- [EXERCISE DATA]
BEGIN

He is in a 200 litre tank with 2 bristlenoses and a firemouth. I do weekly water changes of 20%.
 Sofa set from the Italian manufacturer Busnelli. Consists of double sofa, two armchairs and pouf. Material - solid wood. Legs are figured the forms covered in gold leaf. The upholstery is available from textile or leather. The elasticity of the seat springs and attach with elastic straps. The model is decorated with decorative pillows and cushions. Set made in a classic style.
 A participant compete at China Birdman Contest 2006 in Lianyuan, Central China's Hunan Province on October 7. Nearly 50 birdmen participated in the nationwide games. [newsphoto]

END
BEGIN

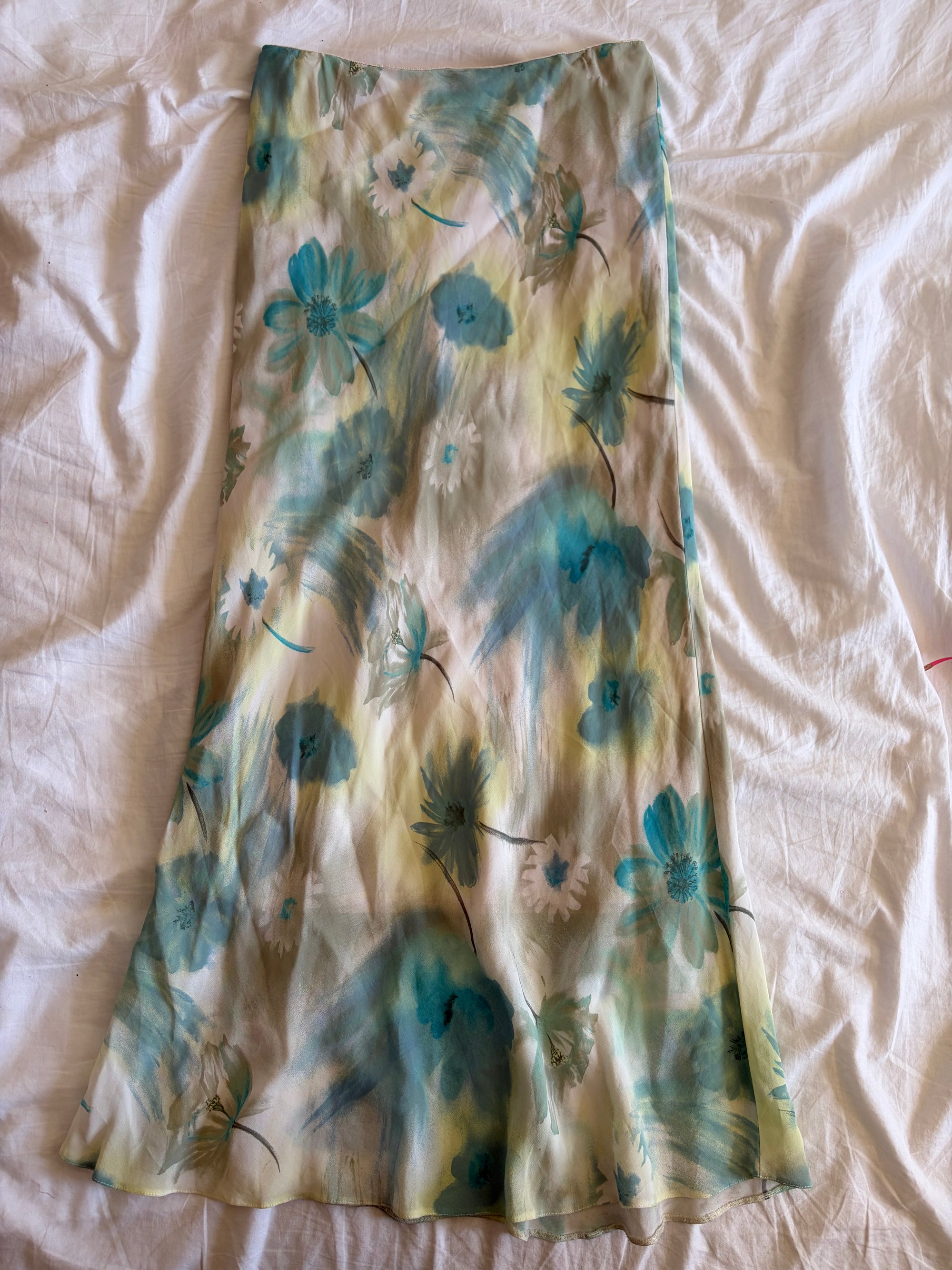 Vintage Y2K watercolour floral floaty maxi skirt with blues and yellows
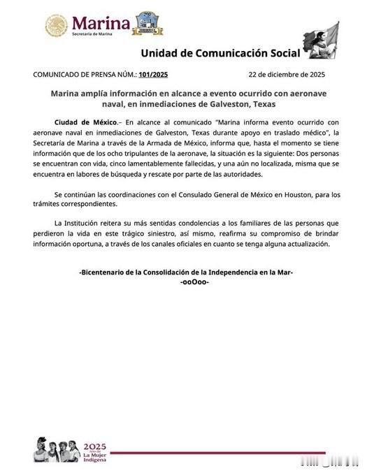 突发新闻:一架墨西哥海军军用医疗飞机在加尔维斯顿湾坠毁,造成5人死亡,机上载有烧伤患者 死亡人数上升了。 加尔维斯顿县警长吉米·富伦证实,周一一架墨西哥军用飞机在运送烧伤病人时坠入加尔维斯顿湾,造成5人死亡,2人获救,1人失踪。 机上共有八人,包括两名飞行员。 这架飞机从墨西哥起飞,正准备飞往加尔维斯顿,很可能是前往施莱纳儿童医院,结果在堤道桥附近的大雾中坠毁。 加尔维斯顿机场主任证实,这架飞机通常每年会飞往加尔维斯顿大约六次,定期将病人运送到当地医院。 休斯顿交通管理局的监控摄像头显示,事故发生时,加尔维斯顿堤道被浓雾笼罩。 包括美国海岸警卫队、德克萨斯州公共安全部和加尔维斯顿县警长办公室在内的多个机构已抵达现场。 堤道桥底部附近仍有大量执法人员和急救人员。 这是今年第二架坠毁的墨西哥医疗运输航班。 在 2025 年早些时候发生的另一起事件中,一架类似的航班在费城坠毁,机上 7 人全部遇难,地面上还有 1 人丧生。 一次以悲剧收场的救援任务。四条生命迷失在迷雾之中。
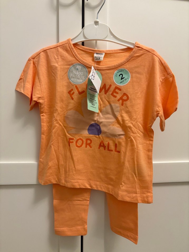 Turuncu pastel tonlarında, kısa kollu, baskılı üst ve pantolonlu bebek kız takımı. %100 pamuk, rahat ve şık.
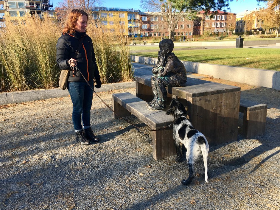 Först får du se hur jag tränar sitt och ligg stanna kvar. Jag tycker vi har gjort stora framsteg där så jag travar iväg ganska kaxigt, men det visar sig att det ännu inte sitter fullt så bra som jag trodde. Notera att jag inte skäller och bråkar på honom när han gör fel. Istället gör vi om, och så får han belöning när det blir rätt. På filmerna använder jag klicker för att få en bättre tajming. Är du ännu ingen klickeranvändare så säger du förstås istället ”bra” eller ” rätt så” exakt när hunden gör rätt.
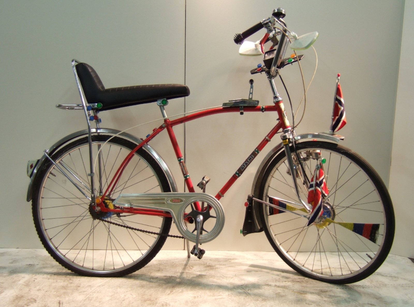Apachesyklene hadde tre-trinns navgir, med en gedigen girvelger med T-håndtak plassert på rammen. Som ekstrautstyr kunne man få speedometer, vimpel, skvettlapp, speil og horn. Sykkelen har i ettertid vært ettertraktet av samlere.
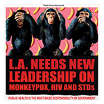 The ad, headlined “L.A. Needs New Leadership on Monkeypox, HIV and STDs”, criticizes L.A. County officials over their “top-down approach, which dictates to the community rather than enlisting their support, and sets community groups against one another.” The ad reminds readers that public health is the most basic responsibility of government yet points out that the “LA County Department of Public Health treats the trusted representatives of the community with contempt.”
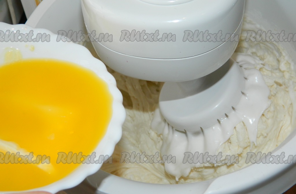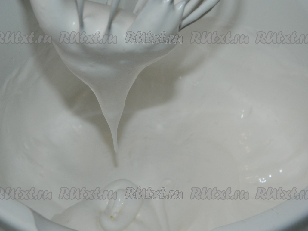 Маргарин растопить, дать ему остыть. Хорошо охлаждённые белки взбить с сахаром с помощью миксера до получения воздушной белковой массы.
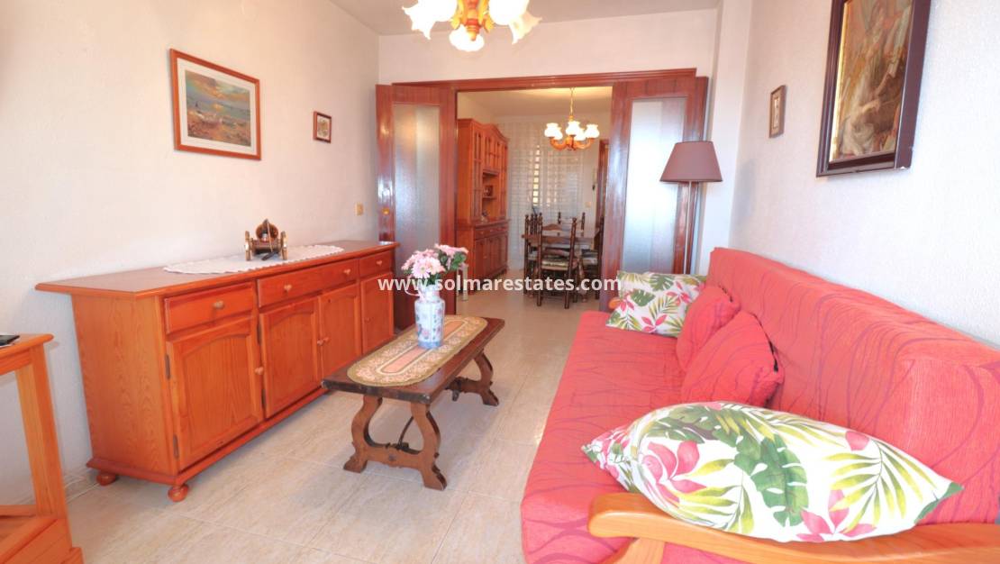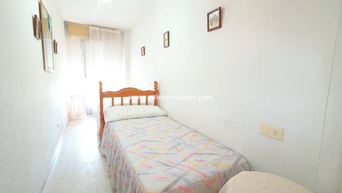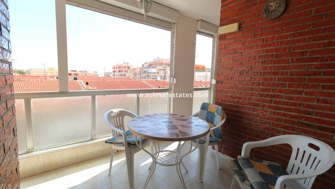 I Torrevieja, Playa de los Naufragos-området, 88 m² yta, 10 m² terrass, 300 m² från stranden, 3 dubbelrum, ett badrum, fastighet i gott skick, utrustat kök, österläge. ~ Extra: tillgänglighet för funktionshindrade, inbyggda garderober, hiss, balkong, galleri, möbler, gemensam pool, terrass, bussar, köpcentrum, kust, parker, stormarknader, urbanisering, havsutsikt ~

END

- [AIM OF THE EXERCISE] Of the records above, print only the lines from the one containing "Vintage Y2K watercolour" through the one containing "Turuncu pastel tonlarında, kısa", inclusive and unaltered, leaving out pictures.

- [EXERCISE RESULT]
 Vintage Y2K watercolour floral floaty maxi skirt with blues and yellows
 突发新闻:一架墨西哥海军军用医疗飞机在加尔维斯顿湾坠毁,造成5人死亡,机上载有烧伤患者 死亡人数上升了。 加尔维斯顿县警长吉米·富伦证实,周一一架墨西哥军用飞机在运送烧伤病人时坠入加尔维斯顿湾,造成5人死亡,2人获救,1人失踪。 机上共有八人,包括两名飞行员。 这架飞机从墨西哥起飞,正准备飞往加尔维斯顿,很可能是前往施莱纳儿童医院,结果在堤道桥附近的大雾中坠毁。 加尔维斯顿机场主任证实,这架飞机通常每年会飞往加尔维斯顿大约六次,定期将病人运送到当地医院。 休斯顿交通管理局的监控摄像头显示,事故发生时,加尔维斯顿堤道被浓雾笼罩。 包括美国海岸警卫队、德克萨斯州公共安全部和加尔维斯顿县警长办公室在内的多个机构已抵达现场。 堤道桥底部附近仍有大量执法人员和急救人员。 这是今年第二架坠毁的墨西哥医疗运输航班。 在 2025 年早些时候发生的另一起事件中,一架类似的航班在费城坠毁,机上 7 人全部遇难,地面上还有 1 人丧生。 一次以悲剧收场的救援任务。四条生命迷失在迷雾之中。
 Turuncu pastel tonlarında, kısa kollu, baskılı üst ve pantolonlu bebek kız takımı. %100 pamuk, rahat ve şık.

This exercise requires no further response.